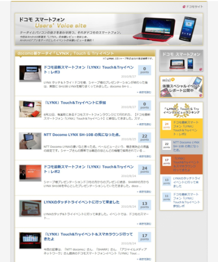 8/22(日)に開催致しましたドコモ最新スマートフォン「LYNX」Touch&Tryイベントにご参加されたブロガーさんの体験レビューをまとめたサイト「ドコモ スマートフォンUsers’ Voice site」 […]
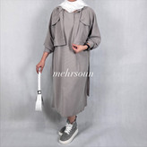 طراحی مینیمال و هماهنگ: ست بازل با ترکیب کت کوتاه و سارافون بلند، حس تعادل و آرامش بصری ایجاد میکند. رنگ طوسی خنثی، بهراحتی با آیتمهای دیگر ست میشود و برای استایلهای پاییزی عالیست.
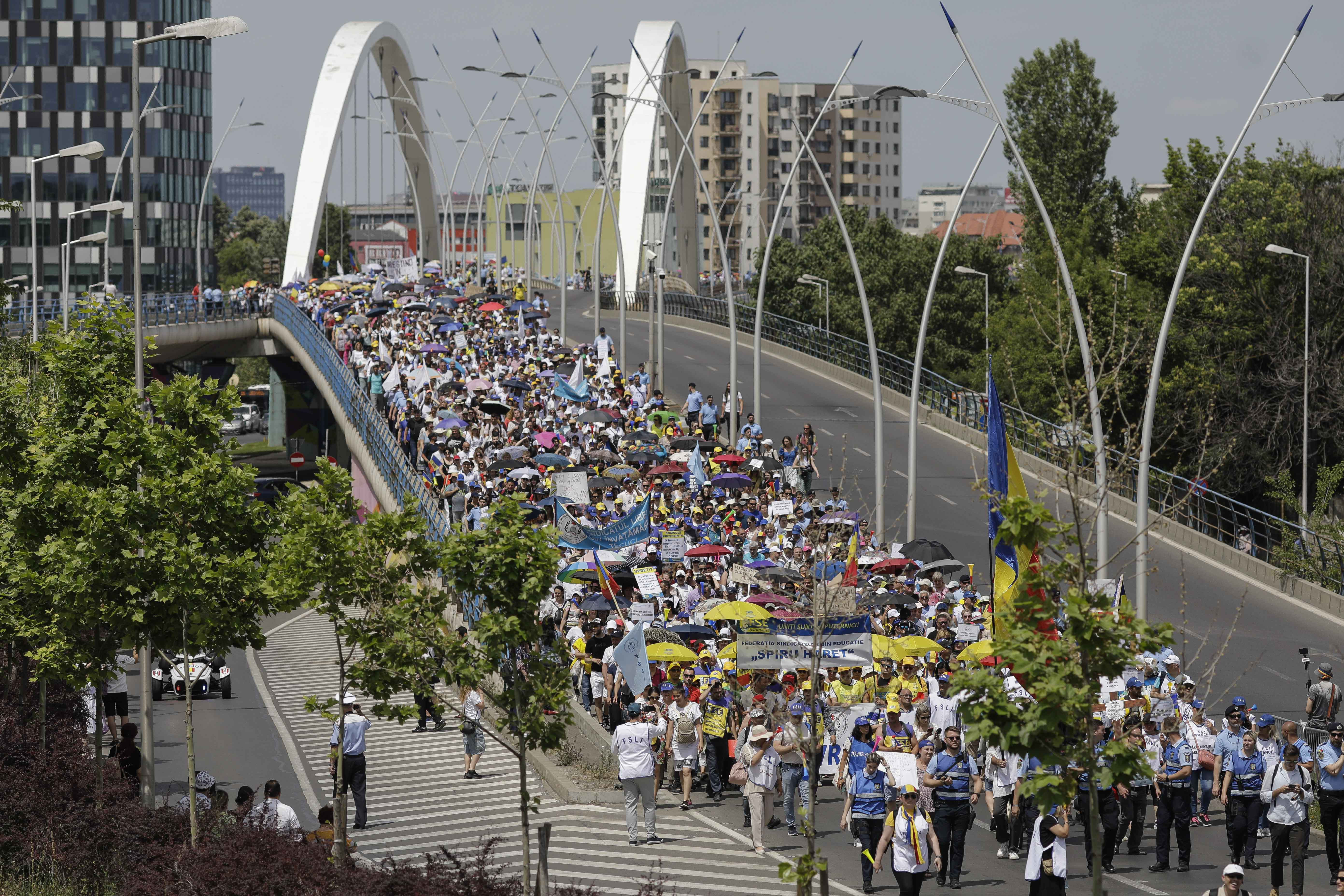 Sindicaliştii din Educaţie protestează din nou, vineri, la Bucureşti. Protestatarii s-au strâns în Piaţa Victoriei, urmând să plece în marş pe străzile Capitalei.
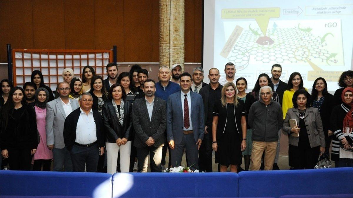 Aydın Adnan Menderes Üniversitesi (ADÜ) ve Türkiye Bilimler Akademisi (TÜBA) tarafından düzenlenen TÜBA Asosiye Üyesi Doç. Dr. Önder Metin’in konuşmacı olarak katıldığı ‘Küresel Enerji Sorunlarına Yönelik Enerji Depolama ve Dönüşüm Sistemleri için Nanokatalizörler’ konulu konferans, AİSYEM Konferans Salonu’nda gerçekleşti.
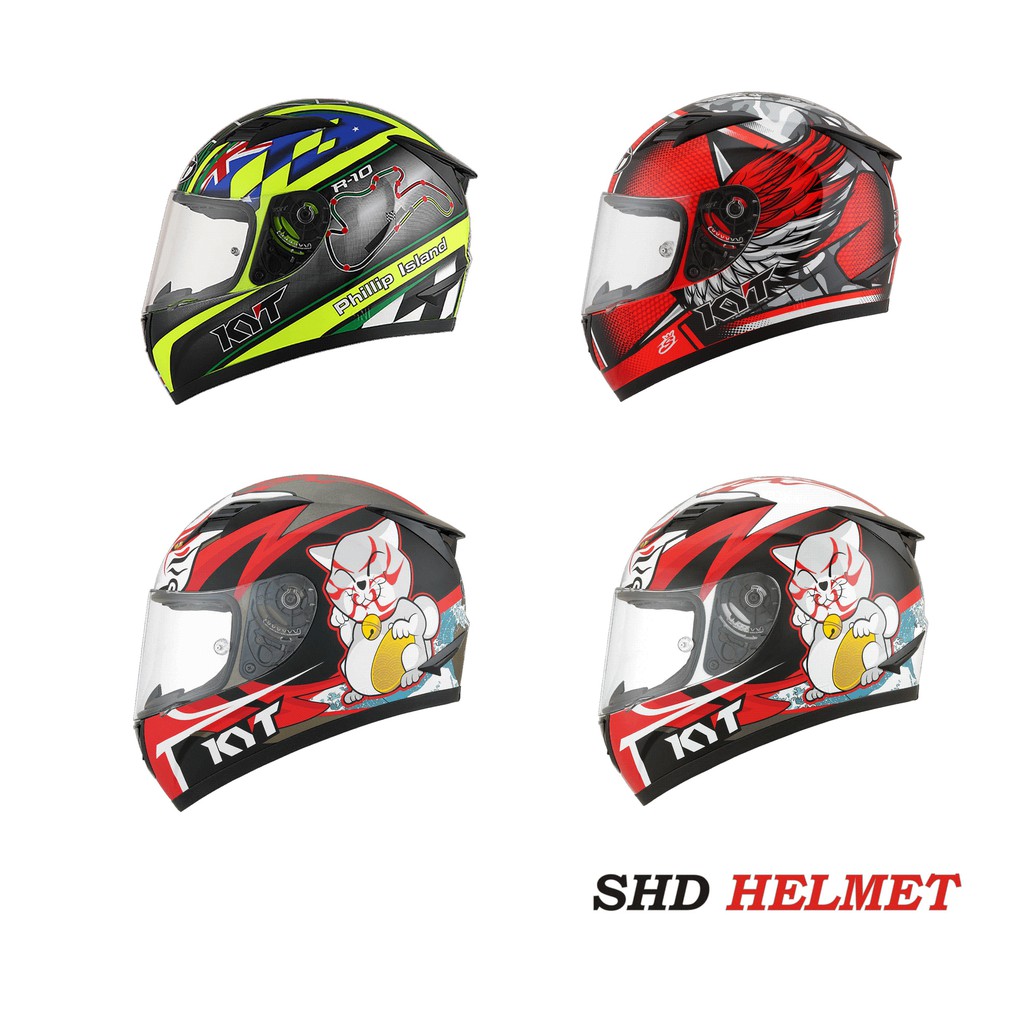 Helm Full Face KYT R10 Motif / Polos Visor Dark Smoke Original Murah
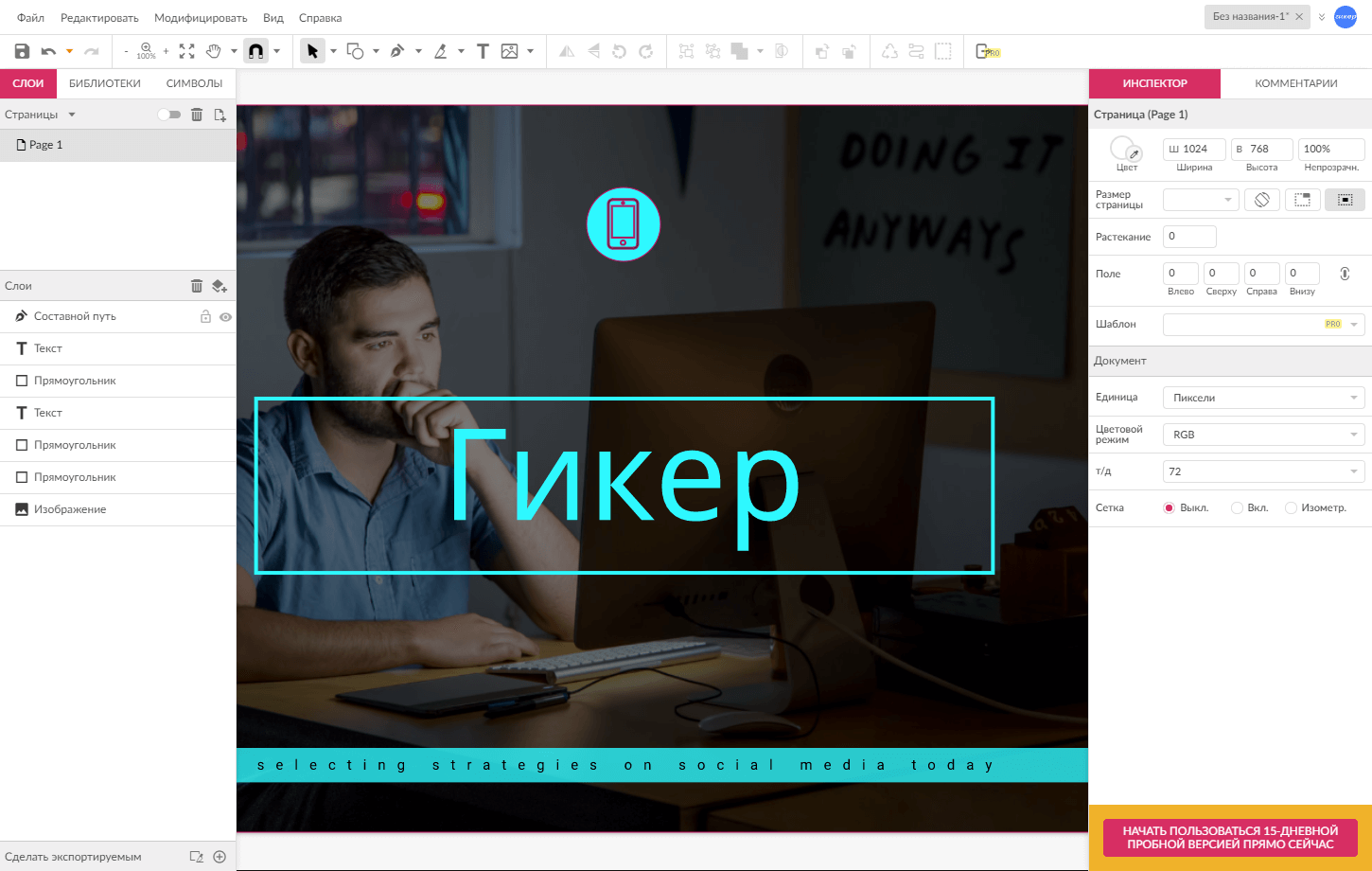 Gravit Designer — один из лучших бесплатных векторных графических редакторов, в котором есть все необходимые дизайнеру средства. В нем вы найдете мощную и разумно устроенную панель управления, настраиваемый интерфейс, современные средства редактирования и поддержку перетаскивания объектов. Есть все, что нужно: от цветокоррекции и регулировки освещения до фильтров и смешивания слоев. Интерфейс переведен на русский язык, но при желании можно переключиться на английский.
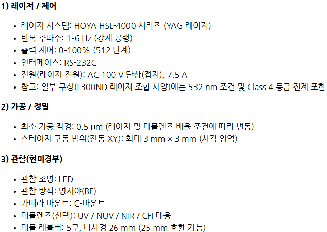 L300ND 레이저 조합 사양에서는 Class 4 레이저 사용을 전제로, Soft interlock 연동 및 셔터/스위치 기반 안전 조건을 포함합니다.
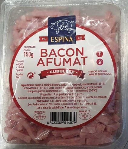 ESPINA Bacon afumat cuburi (2x75G )150 gAcest produs nu mai este disponibil.Țara:conform ofertei actualePentru mai multe informații despre produs te rugăm să contactezi echipa de asistență clienți.

_ASSIGNED TASK:_ Repeat exactly the lines from the one holding "Helm Full Face" through the last line of the entries, both included; the pictures do not belong in the copy.

_RESULT OF THE TASK:_
 Helm Full Face KYT R10 Motif / Polos Visor Dark Smoke Original Murah
 Gravit Designer — один из лучших бесплатных векторных графических редакторов, в котором есть все необходимые дизайнеру средства. В нем вы найдете мощную и разумно устроенную панель управления, настраиваемый интерфейс, современные средства редактирования и поддержку перетаскивания объектов. Есть все, что нужно: от цветокоррекции и регулировки освещения до фильтров и смешивания слоев. Интерфейс переведен на русский язык, но при желании можно переключиться на английский.
 L300ND 레이저 조합 사양에서는 Class 4 레이저 사용을 전제로, Soft interlock 연동 및 셔터/스위치 기반 안전 조건을 포함합니다.
 ESPINA Bacon afumat cuburi (2x75G )150 gAcest produs nu mai este disponibil.Țara:conform ofertei actualePentru mai multe informații despre produs te rugăm să contactezi echipa de asistență clienți.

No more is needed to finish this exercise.